Savings slowdown: This is evident from the data of gross savings, bank deposits and physical savings in real estate.
Liquidity stress-driven lending slowdown: This is the top reason behind the slowdown in consumption. In FY19, the cost of capital apparently rose with a rise in currency in circulation. This is effectively a liquidity squeeze for formal finance. Alongside, the public borrowing rose, which further squeezed liquidity available to the private sector, leading to a further increase in capital costs.
Pain first — relief later
The complexity of the slowdown has put the RBI and the government in a quandary, forcing them to take measures that may aggravate the pain at the outset, before the revival happens.
In spite of three consecutive rate cuts by RBI, interest rates have been rising. As per the RBI’s release on lending and deposit rates, fresh lending rates increased by 5 bps in April 2019 to 9.8 per cent. This has reportedly led to 25 bps jump in interest rates for PSU banks. A shrinking deposit base and the tepid deposit growth are two key hindrances in effective transmission of rate-cuts. The market expects that interest rates transmission will be limited in contrast to macro factors and benchmark rate cuts.
The RBI has denied any direct or indirect lines of liquidity for NBFCs despite the fact that the government was willing to bail out shadow banks. The denial of liquidity to NBFCs may lead to further defaults in the financial system and make things worse for credit market and growth in the medium run.

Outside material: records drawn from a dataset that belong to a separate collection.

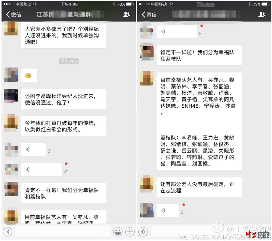 中工娱乐11月24日报道 还没到12月,就已经感受到了跨年的气氛。年关岁末,跨年演唱会就将在各大省级卫视上演,江苏卫视日前率先宣布加入2017跨年狂欢夜,今年的荔枝跨年将以“聚17更happy”为主题。众所周知,演出阵容绝对是打好跨年战的首要保障。日前,一份江苏卫视工作人员的内部对话截图在网上纷纷流传,对话中疑似曝光了不少邀请到的明星,其中,最值得关注的是,已经连续八年在湖南卫视跨年,并成为零点专业户的李宇春将首次来江苏卫视跨年。此外,2017荔枝跨年将采用“红白歌会”的对战模式,荔枝队VS幸福队众多大牌明星均在列。
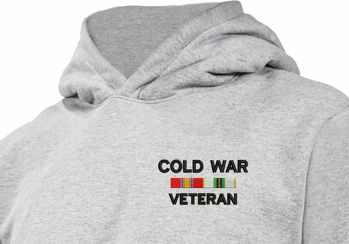 Striving to provide you with the highest quality apparel made in the United States, MilitaryBest is proud to offer this Cold War Veteran with Service Ribbons Heavy Weight Fleece Hoodie. Manufactured by WSI Sportswear in Minnesota and Embroidered by us here at MilitaryBest in Alabama; this fleece hoodie is 100% Made in the USA! We aim to provide you with soft, comfortable, dry-fit, American-made clothing that allows you to be your best.*For washing we recommend machine wash cold with like colors, and line dry.PRODUCT FEATURES
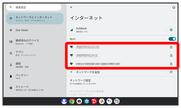 インターネット画面でWi-Fi欄に「接続済み」と表示されているアクセスポイントをタップ

Meanwhile, due to fiscal pressure and the possible contraction in revenues, the government will be forced to cut spending — which may lead to a further slowdown.
As far as policy intervention is concerned, to break the vicious cycle of a decline in private investment and savings rate both, the government will have to stimulate the economy by monetary and fiscal easing. A fiscal expansion (0.5-1 per cent of GDP towards infra, rural economy) supported by easier monetary conditions is highly desirable.
India's slowdown is a result of several vicious cycles working in sync — and we have no option but to live with it for at least the next 12-18 months before the greenshoots of revival come to the fore.